Instructions to follow -> Leave out the pictures and repeat exactly the lines from the one containing "Vue depuis la promenade" through the end of the records.

------------------------------------------------------------

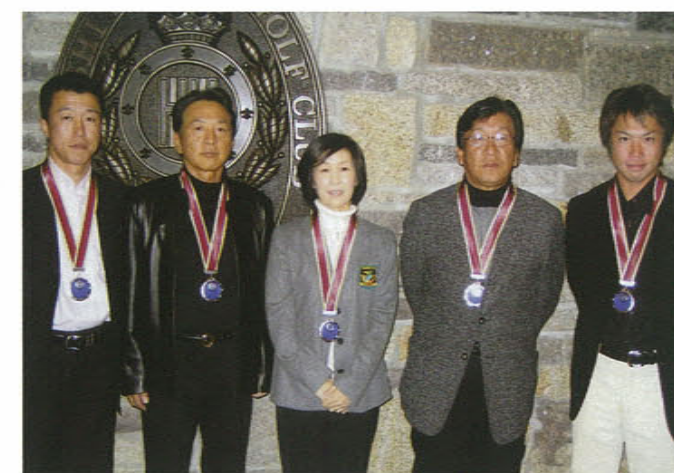
【2位】関西クラシック
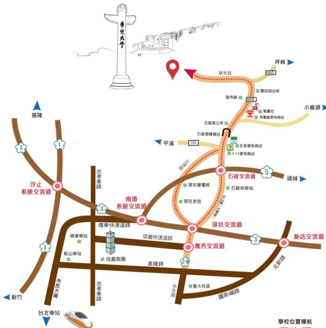
■ 華梵大學交通路線圖

本校交通業務單位：總務處事務組 02-26632102 分機 2422、2430
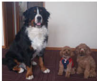
キング (8才) クロエ (8才) チョコ (8才)
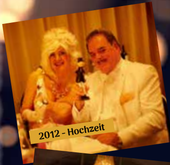
2012 - Hochzeit
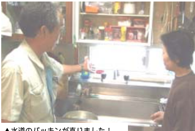
▲水道のパッキンが直りました！

また、住宅デーの事前活動として実施している「小修理活動」は、福祉世帯等に向けた取組みで、建設職人が技術を活かし、住宅の修繕や修理など小さな工事をボランティアで行っています。依頼内容は、水道のパッキン交換・網戸の張替え・ガラスの交換・雨どいの修理、中には物置の解体などもあります。この取組みは依頼が多く、長年利用されている方もおり、好評を頂いています。
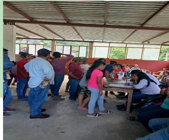
Evidencia 4. – Conformación del Comité de Cítricos en Zacayo.
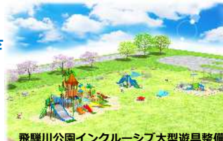
飛騨川公園インクルーシブ大型遊具整備

下呂市が目指すまちの将来像『もっと住みたい訪れたいみんなのふるさとわくわく下呂市』の実現に向け、日本三名泉として有名な下呂温泉をはじめとした豊富な観光資源のほか、市内各地域の『食・自然・文化・歴史・産業・人材』などを最大限に活かし、魅力あるまちづくりを推進することで、人口減少、少子高齢化、雇用創出など市が抱える様々な課題の解決を図ります。
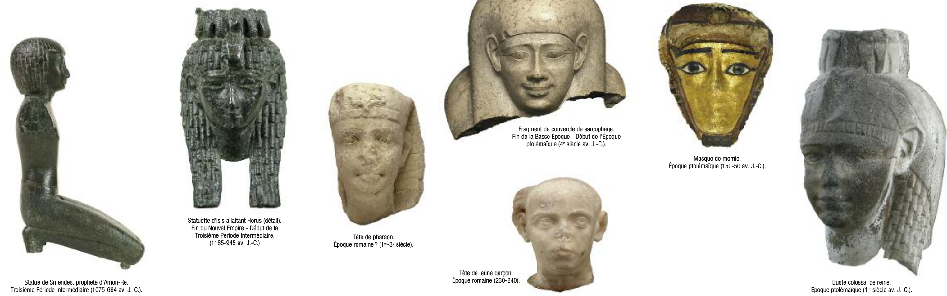
Statue de Smeret, prophète d'Amon-Ré. Troisième Période Intermédiaire (1075-664 av. J.-C.). Statue de l'isais allaitant Horus (détail). Fin du Nouvel Empire - Début de la Troisième Période Intermédiaire. (1185-945 av. J.-C.). Tête de pharaon. Époque romaine? (1 er -3 e siècle). Fragment de couvercle de sarcophage. Fin de la Basse Époque - Début de l'Époque ptolémaïque (4 e siècle av. J.-C.). Masque de momie. Époque ptolémaïque (150-50 av. J.-C.). Buste colossal de reine. Époque ptolémaïque (1 er siècle av. J.-C.). Tête de jeune garçon. Époque romaine (230-240).
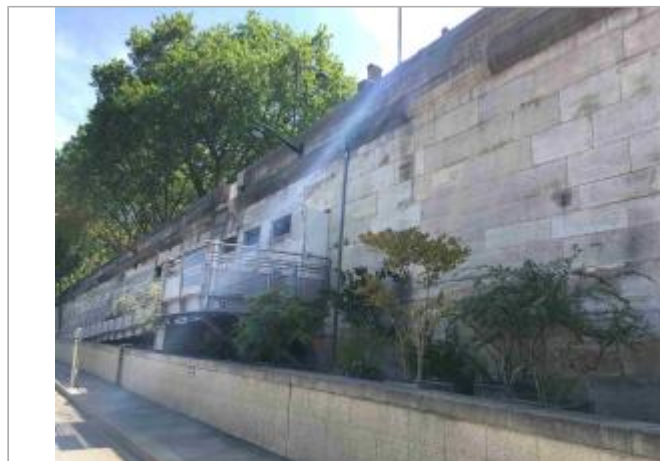
Vue depuis la promenade
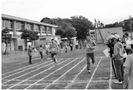
一番の盛り上がり 自治会対抗リレー
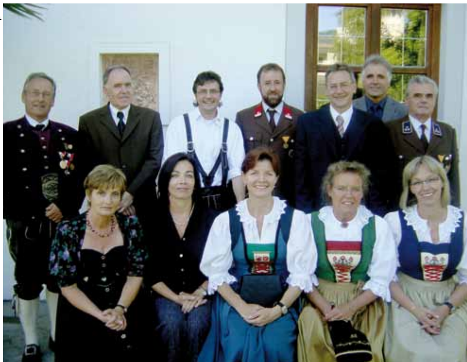
Der neugewählte Pfarrgemeinderat aus Kundl.

Am 18. März 2007 wurde der Pfarrgemeinderat für die nächsten 5 Jahre gewählt. 4 Frauen und 6 Männer bilden den neuen Pfarrgemeinderat, ein Mitglied wurde neu hinein gewählt.

------------------------------------------------------------

Solution ->
Vue depuis la promenade
一番の盛り上がり 自治会対抗リレー
Der neugewählte Pfarrgemeinderat aus Kundl.

Am 18. März 2007 wurde der Pfarrgemeinderat für die nächsten 5 Jahre gewählt. 4 Frauen und 6 Männer bilden den neuen Pfarrgemeinderat, ein Mitglied wurde neu hinein gewählt.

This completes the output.